▸ WORK REQUIRED
Repeat the listing exactly. Any picture in it should be left out of the copy.
------------------------
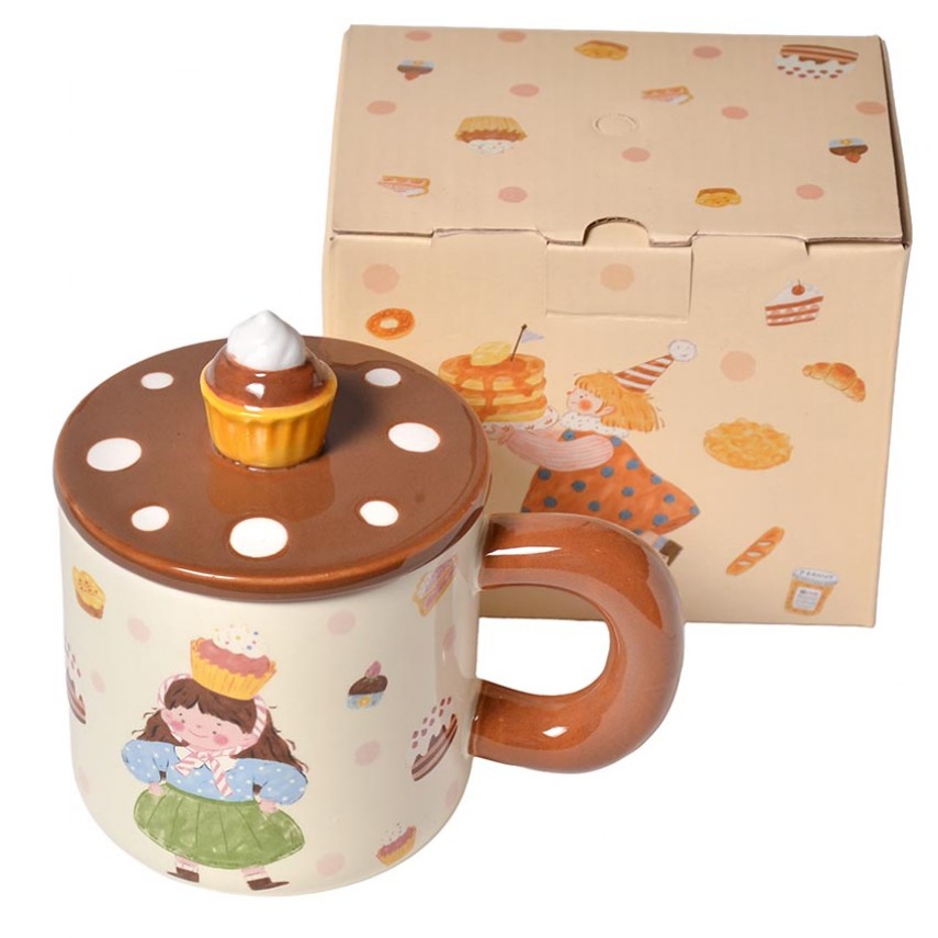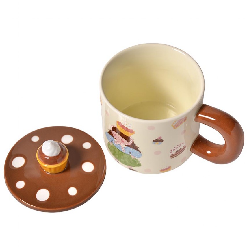 Особое очарование чашке придаёт объёмный декор на крышке в виде капкейка — с глазурью, кремом и вишенкой сверху. Настоящее удовольствие для глаз и идеальный компаньон для ароматного кофе, чая или какао.
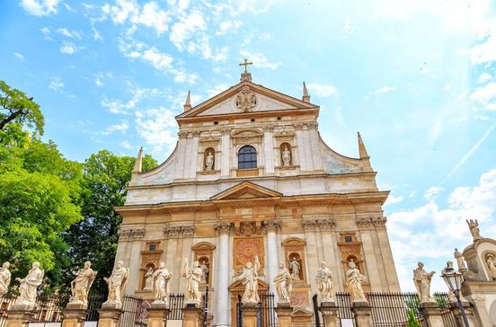 Die Erde dreht sich – und in dieser Kirche kann man das Phänomen hautnah erleben. Von der fantastischen Kuppeldecke wird nämlich ein Foucaultsches Pendel herabgelassen, durch dessen Schwingungen die Erdrotation nachgewiesen wird. Das barocke, erfrischend luftige Gotteshaus von anno 1597 ist eine exakte Kopie der römischen Jesuitenkirche Il Gesù – manche behaupten, dass bei der Krakauer Version die Proportionen sogar noch besser passen. Vergiss nicht in die Krypta hinabzusteigen: kein dunkles Loch, sondern helle, liebevoll restaurierte Gewölbe, die die letzte Ruhestätte berühmter Polen sind. In der Kirche werden im Sommer oft Konzerte gegeben, die auf Plakaten am Eingang angekündigt werden. Da es dann auch innen kalt ist, solltest du beim Konzertbesuch immer einen Pullover mitnehmen.
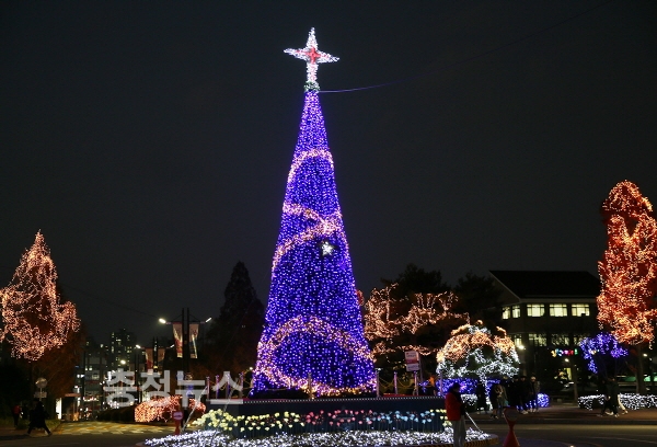 폭 4m, 높이 12m의 성탄트리에는 다양한 별모양 장식, 눈송이, 십자가, 약 1000여 개의 전구 등이 설치됐다. 트리주변에 은은한 꽃 LED조명까지 더해져 환상적인 분위기를 연출했다. 연말까지 형형색색의 불빛이 어두운 밤하늘을 환하게 비출 예정이다.
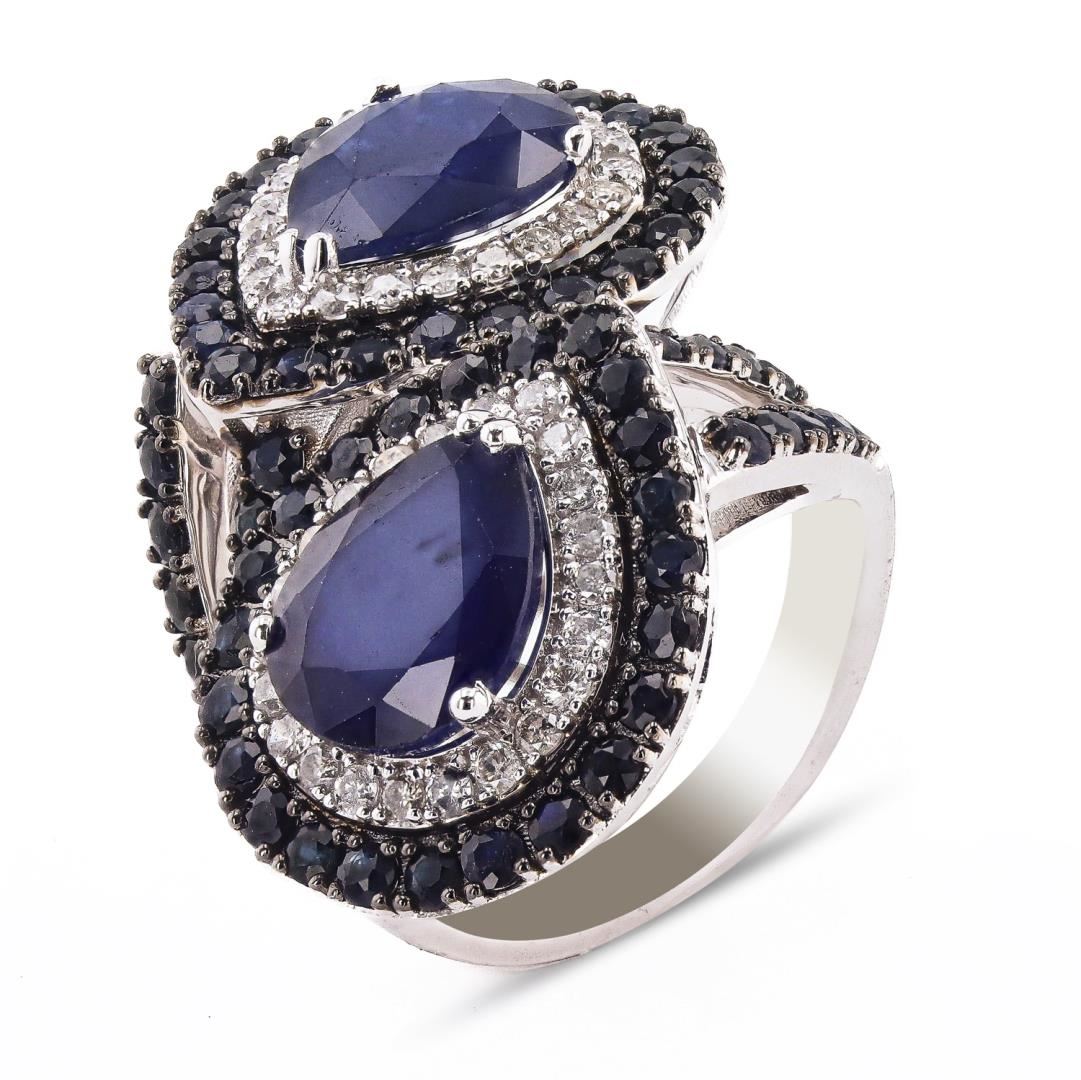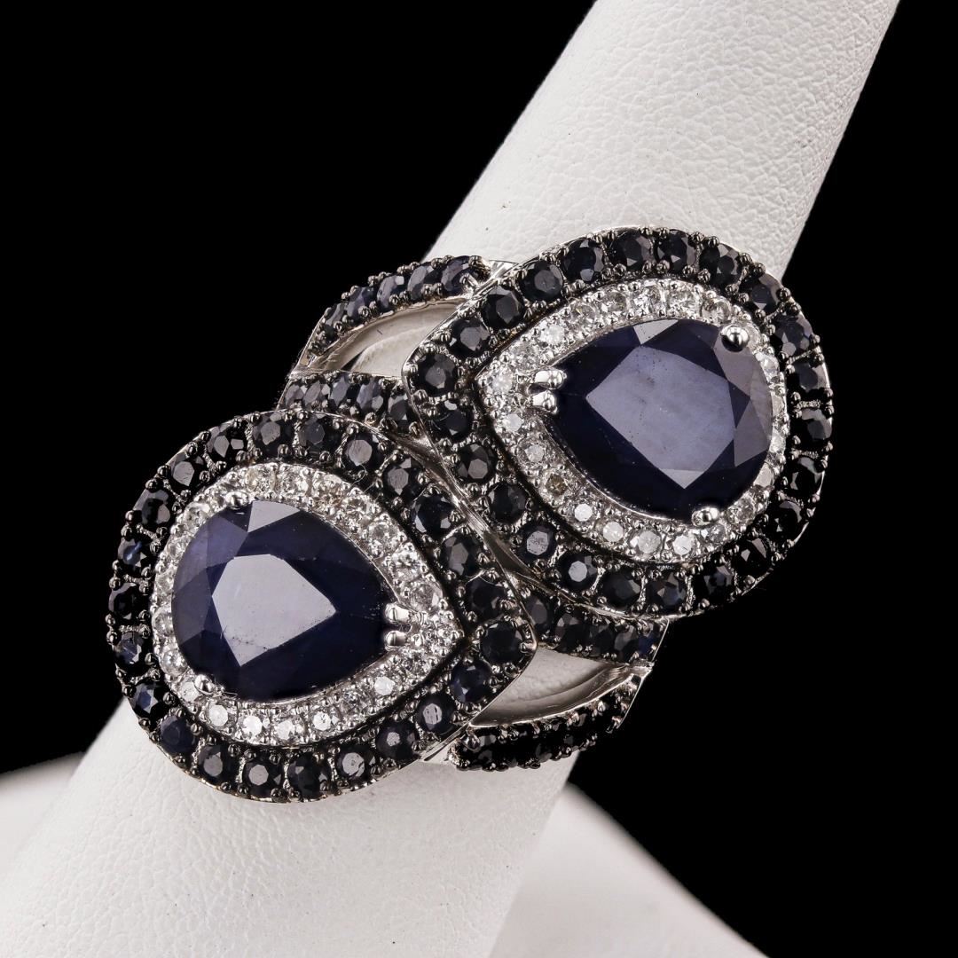 One polished, stamped, and tested 14K white gold Oscar Friedman designer ring with a bright finish. The ring is mounted with 68 faceted sapphires weighing approximately 10.57 carats, and 44 genuine round diamonds weighing approximately 0.70 carats. This itemweighs 11.8 grams, condition is new, excellent workmanship. #MAIN GEMSTONES# Species: Natural Corundum Variety: Sapphire Shape: Pear / Round Quantity: 64 Sapphires Measurements: 11 x 9mm (2 pear), 1.8 - 2.0 mm (62 round) Total Weight: 10.57 carats Color: Dark Blue Cut Grade: Very Good Transparency: Translucent to Opaque Treatment: Heat with Residues Refractive Index: 1.762- 1.770 DR Birefringence: 0.008 - 0.010 Hardness: 9 #ADJACENT GEMSTONES ON RING# Identity: Natural Diamond Shape: Round Quantity: 44 Diamonds Measurements: 1.5 - 1.7mm Total Weight: 0.70 carats Clarity Grade: SI2 - I2 Color Grade: I - K Refractive Index: 2.418 Hardness: 10 WEIGHT OF ITEM: 11.8 grams TOTAL SAPPHIRE WEIGHT: 10.57 cts TOTAL DIAMOND WEIGHT: 0.70 cts GOLD CONTENT: 14K White Gold Size: 6.5
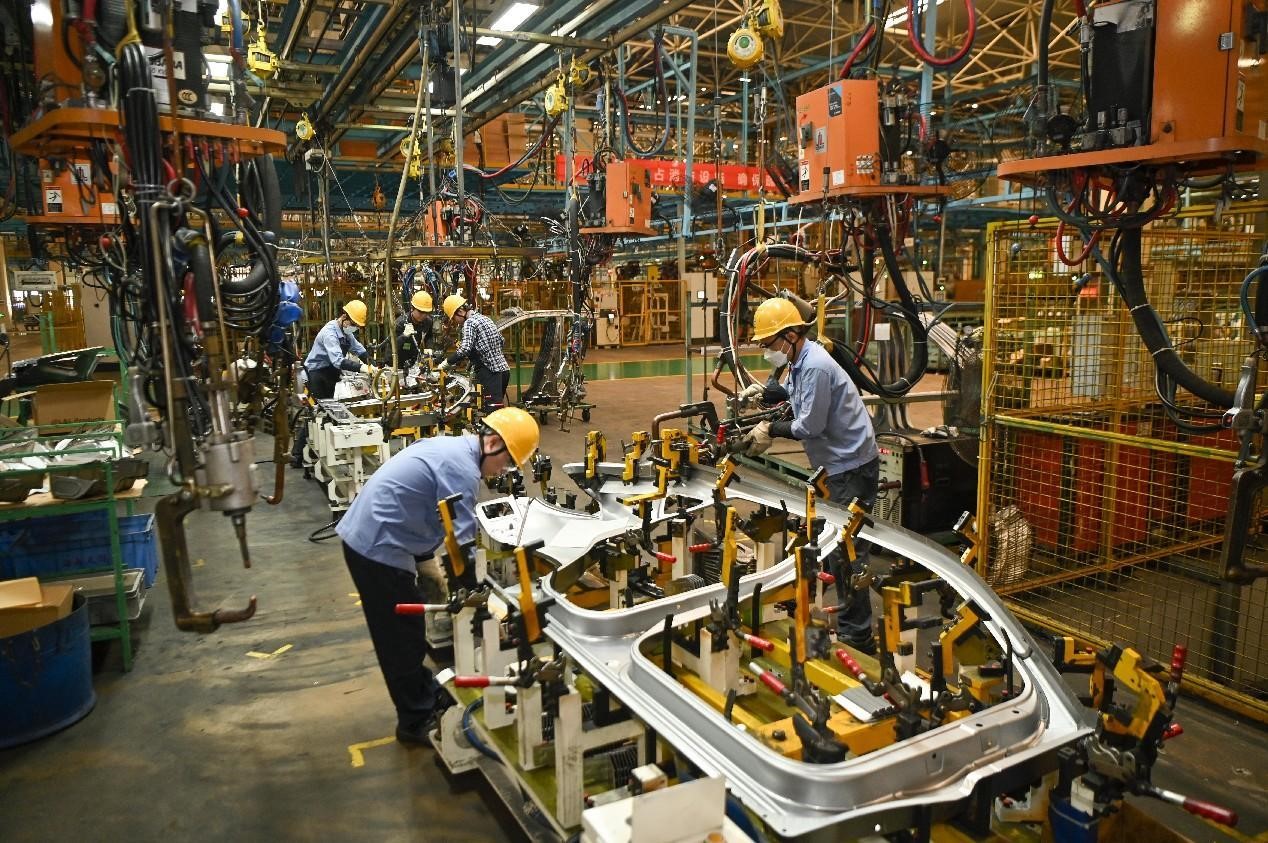 Employees of Chinese car maker FAW Haima Automobile Co., Ltd. are busy producing cars to be exported to the Philippines at the company's production base in south China's Hainan province, Sept. 5, 2022. (People's Daily Online/Shi Zhonghua)
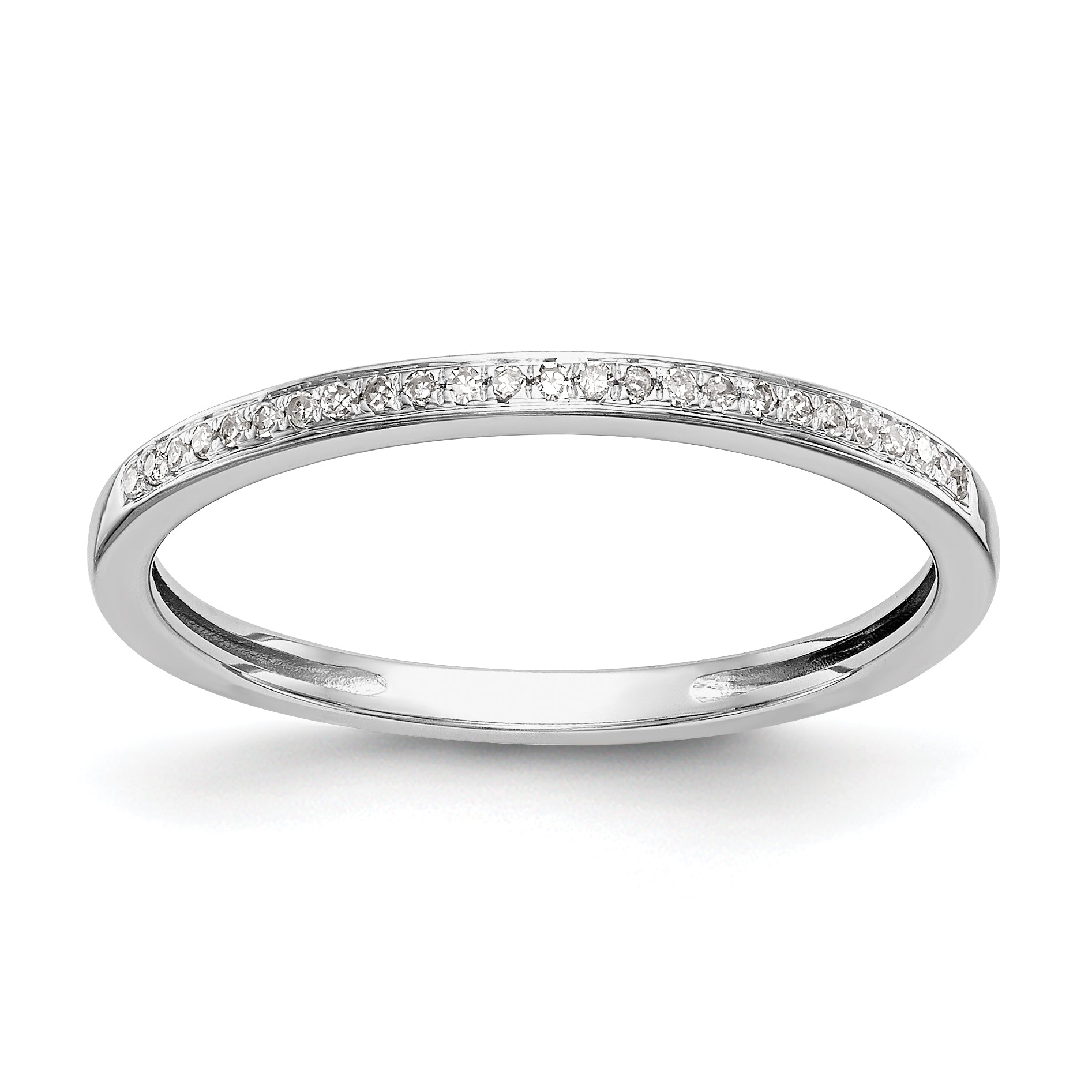 Item Specification: Material: Primary - Purity:14K Finish:Polished Stone Type_1:Diamond Stone Type_2:Diamond Stone Quantity_1:36 Stone Quantity_2:18 Plating:Rhodium Band Width:1.7 to 1.8 mm (tapered) Stone Weight_1:0.003 ct Stone Weight_2:0.0025 ct Size (Minimum):6...
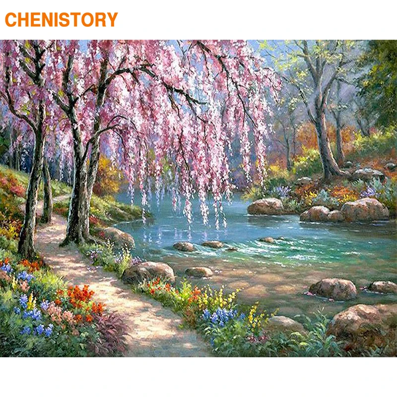 Картина маслом по номерам CHENISTORY сделай сам, набор для декора стен, пейзаж, Картина на холсте, ручная печать, картина 40 х50, поток дерева
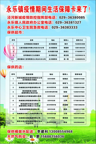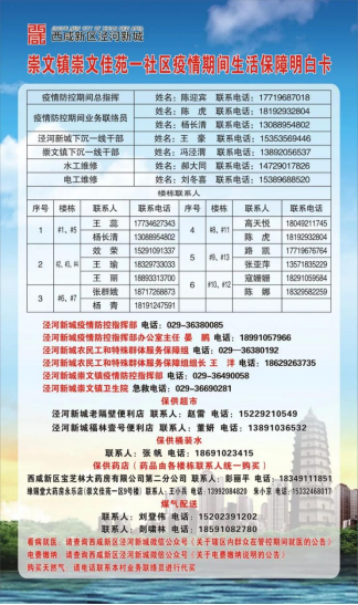 连日来,西咸新区泾河新城的广大居民陆续收到了一张非常实用的“生活保障明白卡”,菜店、超市、保供药店,买水、买电、新城和镇疫情防控指挥部电话等等诸多疫情期间的便民信息一应俱全。
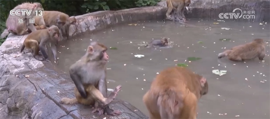 管理員介紹,假如獼猴群棲息地附近沒(méi)有水源,保護(hù)區(qū)就會(huì)人為設(shè)置水池,從山下通過(guò)泵站把水抽上來(lái),供獼猴消夏解暑。
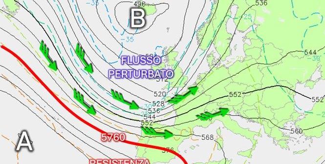 La forma del cavo d’onda, in approccio alle coste occidentali europee proprio nel pomeriggio di giovedì, ci offre uno spunto didattico per comprendere che cosa vuol dire quando i sistemi perturbati trovano anche una minima resistenza anticiclonica lungo il proprio cammino, prima di entrare sul Mediterraneo. Proprio a causa di questo ostacolo, nella prima fase di questo cambio di circolazione l’abbassamento di latitudine dell’intenso flusso perturbato atlantico non farà in tempo a spianare in modo deciso la strada all’ingresso della parte più attiva della perturbazione sulla penisola iberica.
------------------------
▸ ANSWER BELOW
 Особое очарование чашке придаёт объёмный декор на крышке в виде капкейка — с глазурью, кремом и вишенкой сверху. Настоящее удовольствие для глаз и идеальный компаньон для ароматного кофе, чая или какао.
 Die Erde dreht sich – und in dieser Kirche kann man das Phänomen hautnah erleben. Von der fantastischen Kuppeldecke wird nämlich ein Foucaultsches Pendel herabgelassen, durch dessen Schwingungen die Erdrotation nachgewiesen wird. Das barocke, erfrischend luftige Gotteshaus von anno 1597 ist eine exakte Kopie der römischen Jesuitenkirche Il Gesù – manche behaupten, dass bei der Krakauer Version die Proportionen sogar noch besser passen. Vergiss nicht in die Krypta hinabzusteigen: kein dunkles Loch, sondern helle, liebevoll restaurierte Gewölbe, die die letzte Ruhestätte berühmter Polen sind. In der Kirche werden im Sommer oft Konzerte gegeben, die auf Plakaten am Eingang angekündigt werden. Da es dann auch innen kalt ist, solltest du beim Konzertbesuch immer einen Pullover mitnehmen.
 폭 4m, 높이 12m의 성탄트리에는 다양한 별모양 장식, 눈송이, 십자가, 약 1000여 개의 전구 등이 설치됐다. 트리주변에 은은한 꽃 LED조명까지 더해져 환상적인 분위기를 연출했다. 연말까지 형형색색의 불빛이 어두운 밤하늘을 환하게 비출 예정이다.
 One polished, stamped, and tested 14K white gold Oscar Friedman designer ring with a bright finish. The ring is mounted with 68 faceted sapphires weighing approximately 10.57 carats, and 44 genuine round diamonds weighing approximately 0.70 carats. This itemweighs 11.8 grams, condition is new, excellent workmanship. #MAIN GEMSTONES# Species: Natural Corundum Variety: Sapphire Shape: Pear / Round Quantity: 64 Sapphires Measurements: 11 x 9mm (2 pear), 1.8 - 2.0 mm (62 round) Total Weight: 10.57 carats Color: Dark Blue Cut Grade: Very Good Transparency: Translucent to Opaque Treatment: Heat with Residues Refractive Index: 1.762- 1.770 DR Birefringence: 0.008 - 0.010 Hardness: 9 #ADJACENT GEMSTONES ON RING# Identity: Natural Diamond Shape: Round Quantity: 44 Diamonds Measurements: 1.5 - 1.7mm Total Weight: 0.70 carats Clarity Grade: SI2 - I2 Color Grade: I - K Refractive Index: 2.418 Hardness: 10 WEIGHT OF ITEM: 11.8 grams TOTAL SAPPHIRE WEIGHT: 10.57 cts TOTAL DIAMOND WEIGHT: 0.70 cts GOLD CONTENT: 14K White Gold Size: 6.5
 Employees of Chinese car maker FAW Haima Automobile Co., Ltd. are busy producing cars to be exported to the Philippines at the company's production base in south China's Hainan province, Sept. 5, 2022. (People's Daily Online/Shi Zhonghua)
 Item Specification: Material: Primary - Purity:14K Finish:Polished Stone Type_1:Diamond Stone Type_2:Diamond Stone Quantity_1:36 Stone Quantity_2:18 Plating:Rhodium Band Width:1.7 to 1.8 mm (tapered) Stone Weight_1:0.003 ct Stone Weight_2:0.0025 ct Size (Minimum):6...
 Картина маслом по номерам CHENISTORY сделай сам, набор для декора стен, пейзаж, Картина на холсте, ручная печать, картина 40 х50, поток дерева
 连日来,西咸新区泾河新城的广大居民陆续收到了一张非常实用的“生活保障明白卡”,菜店、超市、保供药店,买水、买电、新城和镇疫情防控指挥部电话等等诸多疫情期间的便民信息一应俱全。
 管理員介紹,假如獼猴群棲息地附近沒(méi)有水源,保護(hù)區(qū)就會(huì)人為設(shè)置水池,從山下通過(guò)泵站把水抽上來(lái),供獼猴消夏解暑。
 La forma del cavo d’onda, in approccio alle coste occidentali europee proprio nel pomeriggio di giovedì, ci offre uno spunto didattico per comprendere che cosa vuol dire quando i sistemi perturbati trovano anche una minima resistenza anticiclonica lungo il proprio cammino, prima di entrare sul Mediterraneo. Proprio a causa di questo ostacolo, nella prima fase di questo cambio di circolazione l’abbassamento di latitudine dell’intenso flusso perturbato atlantico non farà in tempo a spianare in modo deciso la strada all’ingresso della parte più attiva della perturbazione sulla penisola iberica.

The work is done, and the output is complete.